I caught Bruce Parry's Amazon last Monday night when he was travelling from the source of the Amazon to the cocaine valleys.

He was at a very high altitude and found himself in coffee country. The coffee crops are being ripped out and replaced with Coca at an alarming rate.

Coffee cherries are harvested once a year but Coca leaves can be stripped 4 times per year, so they are being given more care and attention in certain areas.

This was sad to see but reality tv at its best.

If you saw how the raw product of cocaine was created you'd think twice about taking it too.

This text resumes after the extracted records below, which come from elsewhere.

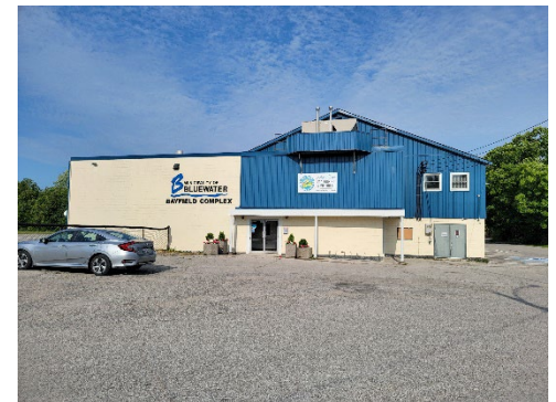
Bayfield Arena and Community Centre

To Book: Contact Bayfield Community Centre— 519.565.2121 or email info@bayfieldcommunitycentre.ca
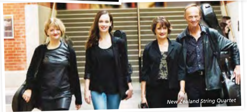
New Zealand String Quartet
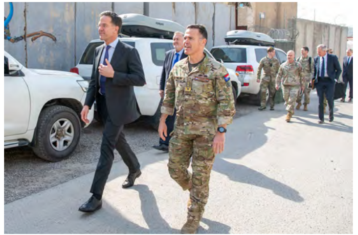
NATO Secretary General Mark Rutte visits Iraq (February 2025)
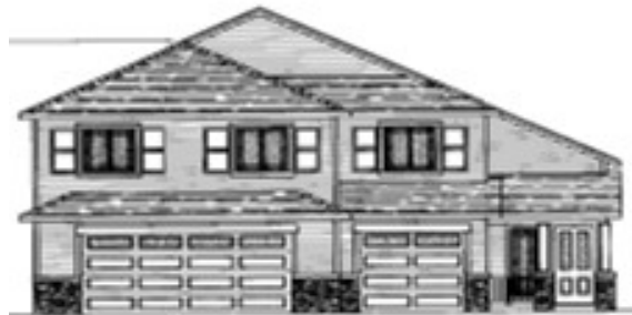
Front Elevation F2
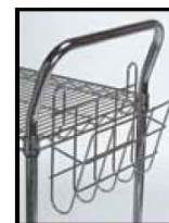
Document Holder see page 69
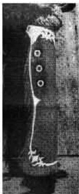
STYLE - J
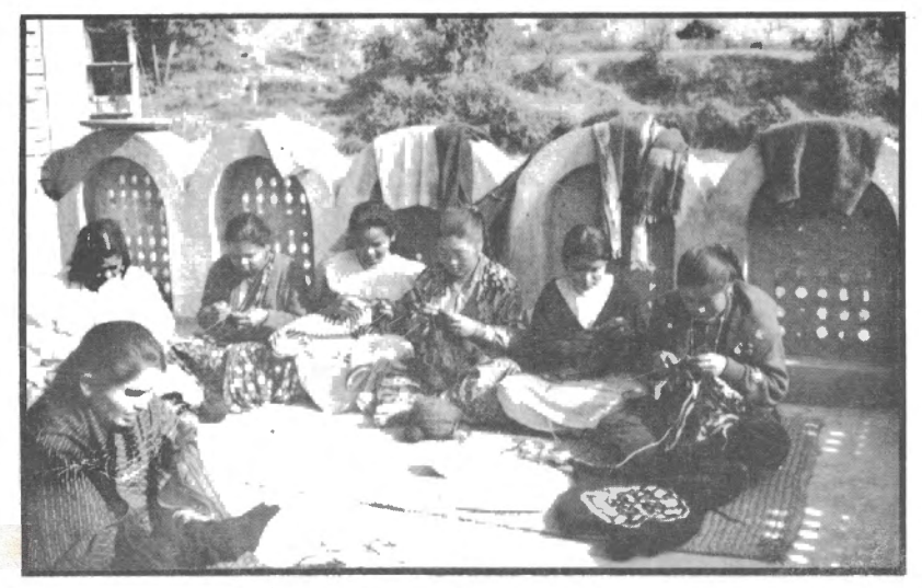
The women under rehabilitation program are involved in preparing sweaters as a means of earning

The resident women have been provided with non-formal education (literacy, legal education and awareness about hygiene and health including STDs and AIDS) and skill training in knitting and sewing in
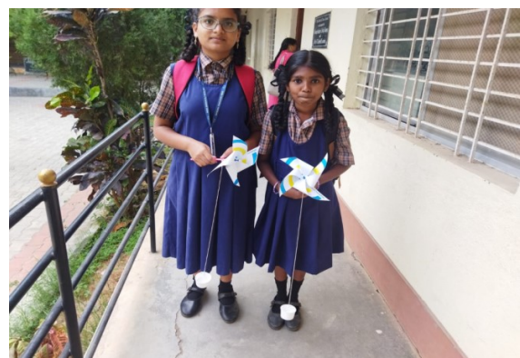
Learning Lab workshop
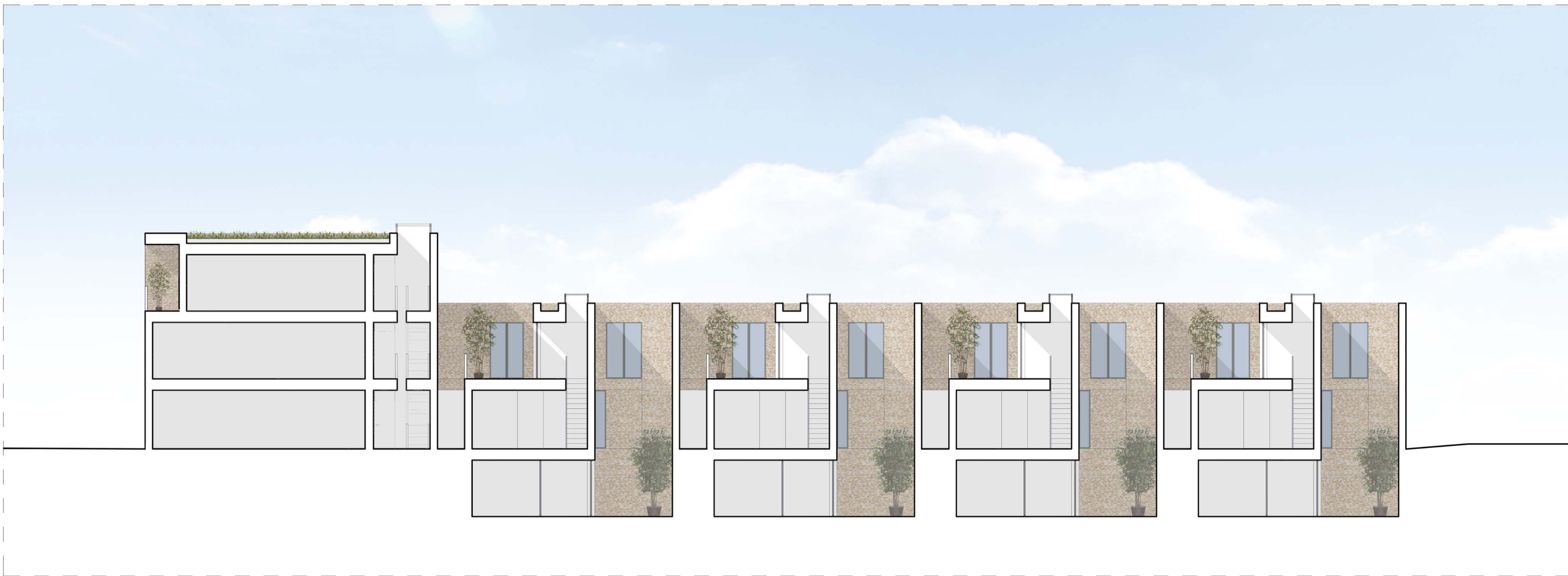
01 Section AA
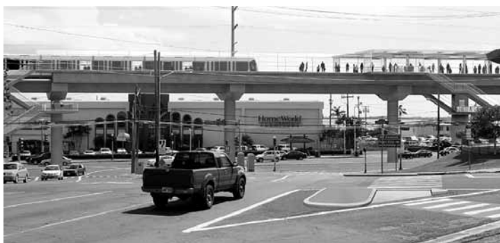
700 concrete pillars will be built to support the $5.2+ billion train.
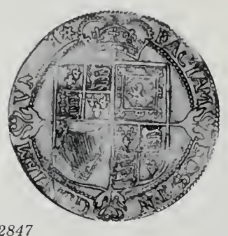
Lot No. 2847

The runoff of the chemicals (kerosene and chlorine amongst other things) seeps directly into the soil where other harvest crops are planted - this has to have a negative impact on their cropping quality.

Did anyone else see this?


----------



## James Hoffmann (Jul 24, 2008)

Peru has further coffee problems in that it is often very difficult to get cherries to mills within good time of picking, which has dented the quality of production which of course is related to the price. This will also make alternative crops look more appealing. I know FairTrade/CafeDirect do a fair amount of coffee from Peru but it rarely pops up on the speciality radar.


----------



## TimStyles (Jul 22, 2008)

We poured a Peruvian coffee when I worked at Climpson and Sons. It's nothing special, just a lot of chocolate in the cup, and not a lot else. I tried to find out a bit more about it, but didn't find out a lot, to be honest.

It was cheap, however.


----------



## michaelbenis (Apr 14, 2009)

I've just finished a bag of Peruvian organic from Red Roaster in Brighton which wasn't bad. Nice and clean, not chocolately really, or only slightly, and nicely layered and aromatic - Tim at RR describers it as being like a green tea. It is layered, but I'm not convinced it's like green tea myself. Nice and balanced and needs a fine grind. Not one of my fall down on my knees in wonder favourites, certainly, but not bad at all...


----------



## Glenn (Jun 14, 2008)

A 'green-tea-like coffee', sounds interesting

How did you brew this? Chemex, Espresso or French Press?


----------



## CoffeeMachine (Nov 25, 2009)

I went to Peru a couple of years ago, and didn't come across all that many coffee plantations which is a shame becuase it is the perfect climate for it. I think the same might be starting to happen in Ecuador too sadly.


----------